[Records from a data source]
+ + +
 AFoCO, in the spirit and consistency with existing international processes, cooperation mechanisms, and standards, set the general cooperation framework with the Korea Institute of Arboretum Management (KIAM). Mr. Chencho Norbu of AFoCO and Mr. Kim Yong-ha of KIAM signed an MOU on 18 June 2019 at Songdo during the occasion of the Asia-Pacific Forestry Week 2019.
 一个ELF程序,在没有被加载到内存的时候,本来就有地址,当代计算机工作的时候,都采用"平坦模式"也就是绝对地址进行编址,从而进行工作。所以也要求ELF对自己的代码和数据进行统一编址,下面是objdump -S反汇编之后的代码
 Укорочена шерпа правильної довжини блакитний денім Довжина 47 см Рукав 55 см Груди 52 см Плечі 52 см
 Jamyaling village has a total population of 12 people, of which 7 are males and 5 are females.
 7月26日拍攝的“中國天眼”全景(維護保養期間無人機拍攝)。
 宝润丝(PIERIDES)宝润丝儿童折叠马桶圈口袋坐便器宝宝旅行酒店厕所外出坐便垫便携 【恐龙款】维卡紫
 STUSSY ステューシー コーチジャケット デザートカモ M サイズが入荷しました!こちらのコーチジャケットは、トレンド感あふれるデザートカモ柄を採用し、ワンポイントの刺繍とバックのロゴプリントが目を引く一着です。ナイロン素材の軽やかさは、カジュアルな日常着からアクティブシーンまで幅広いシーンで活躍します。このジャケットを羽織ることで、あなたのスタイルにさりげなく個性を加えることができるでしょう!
+ + +
Required action: An exact copy of all the records is what is needed here.

Output of the exercise:
 AFoCO, in the spirit and consistency with existing international processes, cooperation mechanisms, and standards, set the general cooperation framework with the Korea Institute of Arboretum Management (KIAM). Mr. Chencho Norbu of AFoCO and Mr. Kim Yong-ha of KIAM signed an MOU on 18 June 2019 at Songdo during the occasion of the Asia-Pacific Forestry Week 2019.
 一个ELF程序,在没有被加载到内存的时候,本来就有地址,当代计算机工作的时候,都采用"平坦模式"也就是绝对地址进行编址,从而进行工作。所以也要求ELF对自己的代码和数据进行统一编址,下面是objdump -S反汇编之后的代码
 Укорочена шерпа правильної довжини блакитний денім Довжина 47 см Рукав 55 см Груди 52 см Плечі 52 см
 Jamyaling village has a total population of 12 people, of which 7 are males and 5 are females.
 7月26日拍攝的“中國天眼”全景(維護保養期間無人機拍攝)。
 宝润丝(PIERIDES)宝润丝儿童折叠马桶圈口袋坐便器宝宝旅行酒店厕所外出坐便垫便携 【恐龙款】维卡紫
 STUSSY ステューシー コーチジャケット デザートカモ M サイズが入荷しました!こちらのコーチジャケットは、トレンド感あふれるデザートカモ柄を採用し、ワンポイントの刺繍とバックのロゴプリントが目を引く一着です。ナイロン素材の軽やかさは、カジュアルな日常着からアクティブシーンまで幅広いシーンで活躍します。このジャケットを羽織ることで、あなたのスタイルにさりげなく個性を加えることができるでしょう!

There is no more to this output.